Wednesday, November 17, 2004

Homeland Security

Every day, on my way to class, I walk by a sobering reminder of the inadequacy of our President as a leader and as a protector of our country.

On the waterway is a monument to the victims of 9/11 that were from Jersey City. Behind the monument is a twisted girder pulled from the rubble, draped with an American flag and always at least a dozen bunches of flowers.

When I see that monument, I wonder to myself how it could be that half of this country doesn't realize that President Bush could have prevented that tragedy. I wonder how so many Americans don't realize that President Bush created a Department of Homeland Security after 9/11, then cut funding for it. Or how he reduced pay for soldiers and cut funding for localized first responders (i.e., police and fire departments).

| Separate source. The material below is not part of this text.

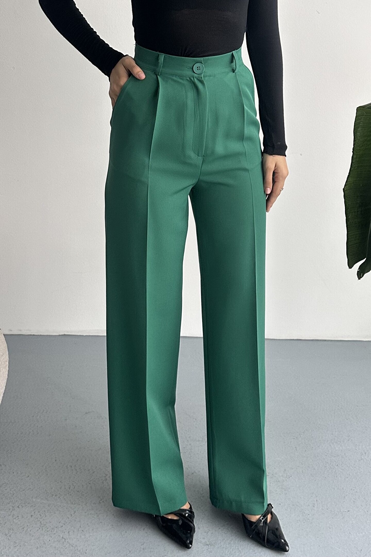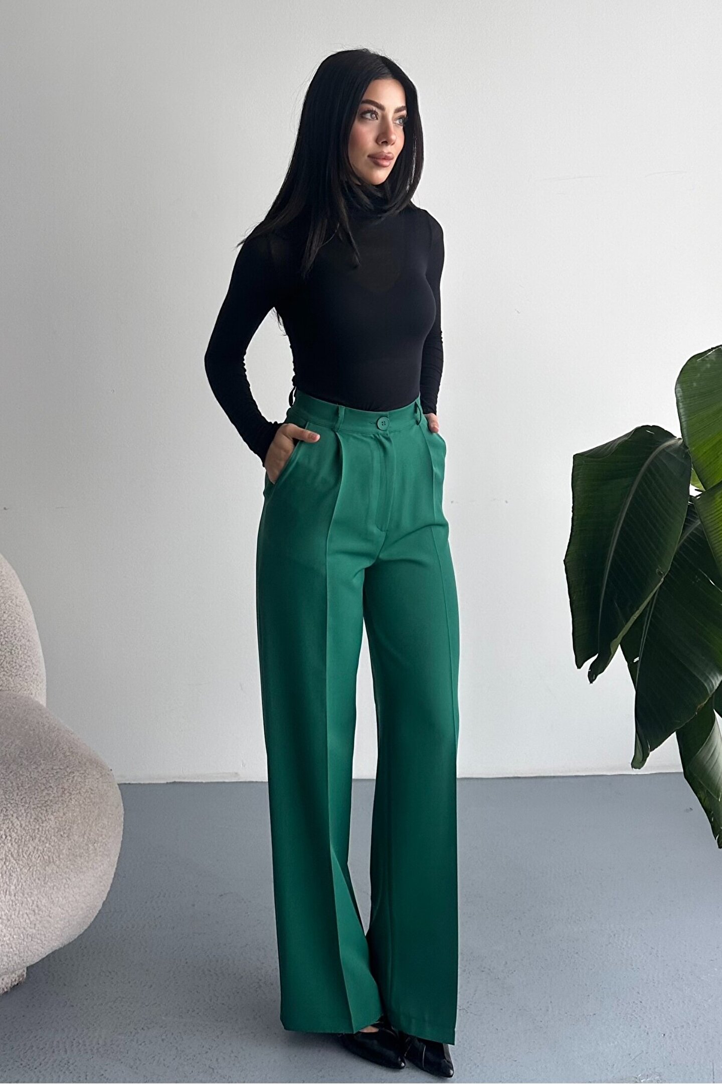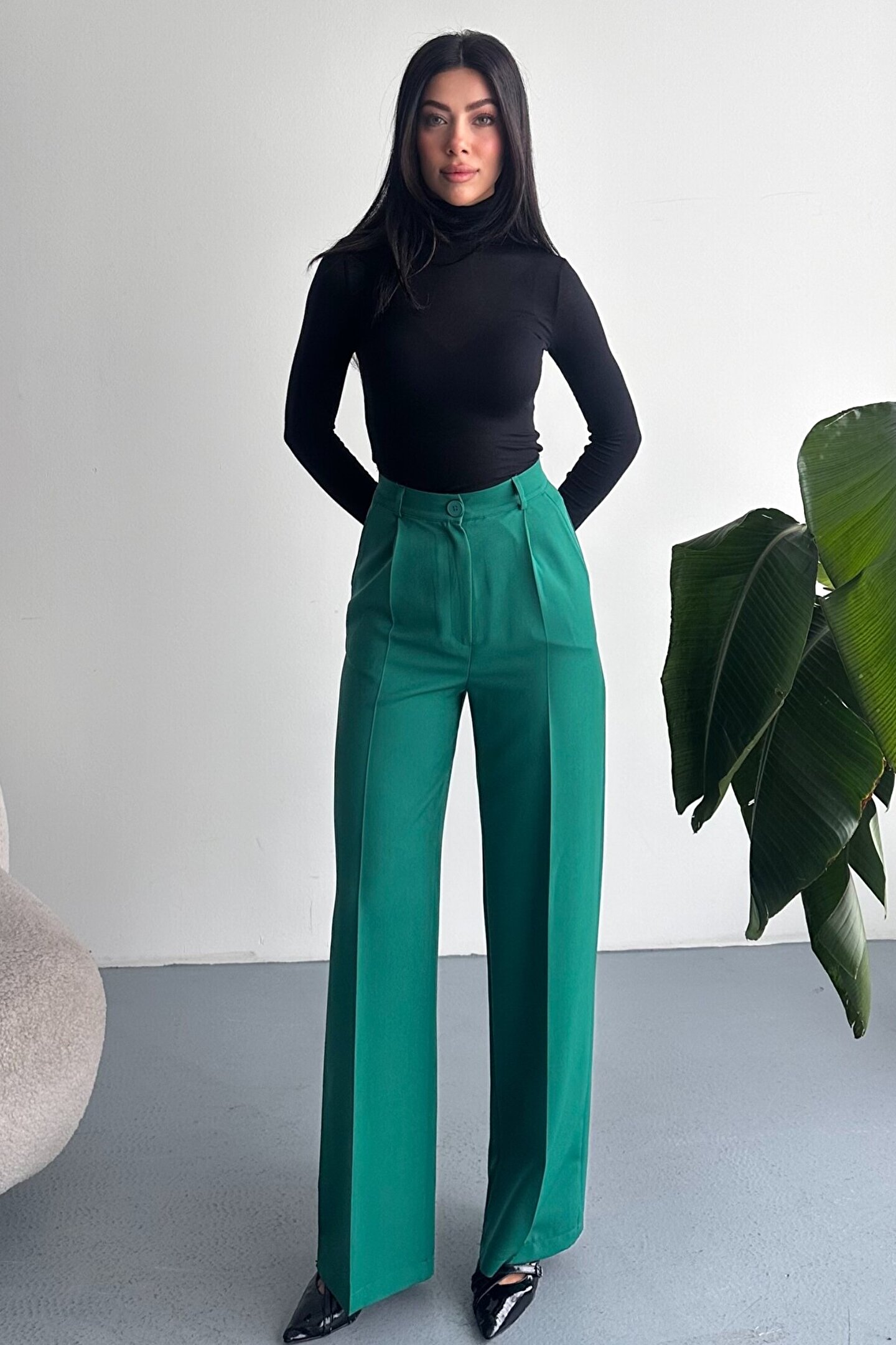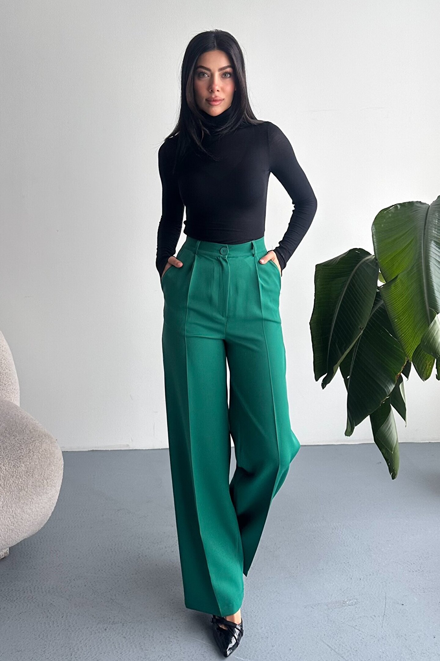 Kadın Palazzo Pantolon; Modern kesimi ve yüksek bel formuyla hem ofis hem günlük kombinlerin vazgeçilmez şık pantolon modeli.; ; Zamansız stil anlayışını modern kesimle buluşturan yüksek bel geniş paça kumaş pantolon, hem günlük kombinlerde hem ofis stilinde şık ve güçlü bir görünüm sunar.; ; Yüksek bel tasarımı vücut formunu dengelerken, akıcı ve düz paça kesimi bacak boyunu daha uzun ve zarif gösterir.; ; Minimal ve sade görünümü sayesinde farklı üst parçalarla kolayca kombinlenebilir.; ; Günlük kullanımda crop, basic tişört ve gömleklerle modern bir stil oluştururken, blazer ve topuklu ayakkabı ile klasik ofis şıklığına uyum sağlar.; ; Akıcı yapısı gün boyu konfor sunarken, güçlü silueti sayesinde stil sahibi ve modern bir duruş kazandırır.; ; Yüksek bel toparlayıcı form ; İspanyol paça modern kesim ; Akıcı ve rahat kumaş yapısı ; Günlük, ofis ve şehir stiline uygun ; Kolay kombinlenebilir zamansız tasarım ; Şık ve dengeli siluet görünümü ; Gardırobun en kurtarıcı parçalarından biri olacak bu model, hem klasik hem modern stil seven kadınlar için tasarlanmıştır.; ;

Then I realize that the states that were actually affected most drastically by terrorist attacks – New York, New Jersey, Pennsylvania and Washington, D.C. – all voted against President Bush. The places where security mattered most showed their lack of confidence in the President. California, Washington, Massachusetts and Illinois, homes to the cities of Los Angeles, Seattle, Boston and Chicago – places that would most likely be alternative targets for terrorist attacks – also voted for against President Bush.

Why do the places who are most affected by these things have their voices ignored when the rest of the country, who has also been fucked over gives the President a questionable “mandate” to enact hateful, destructive laws and appoint neocon judges to the highest courts?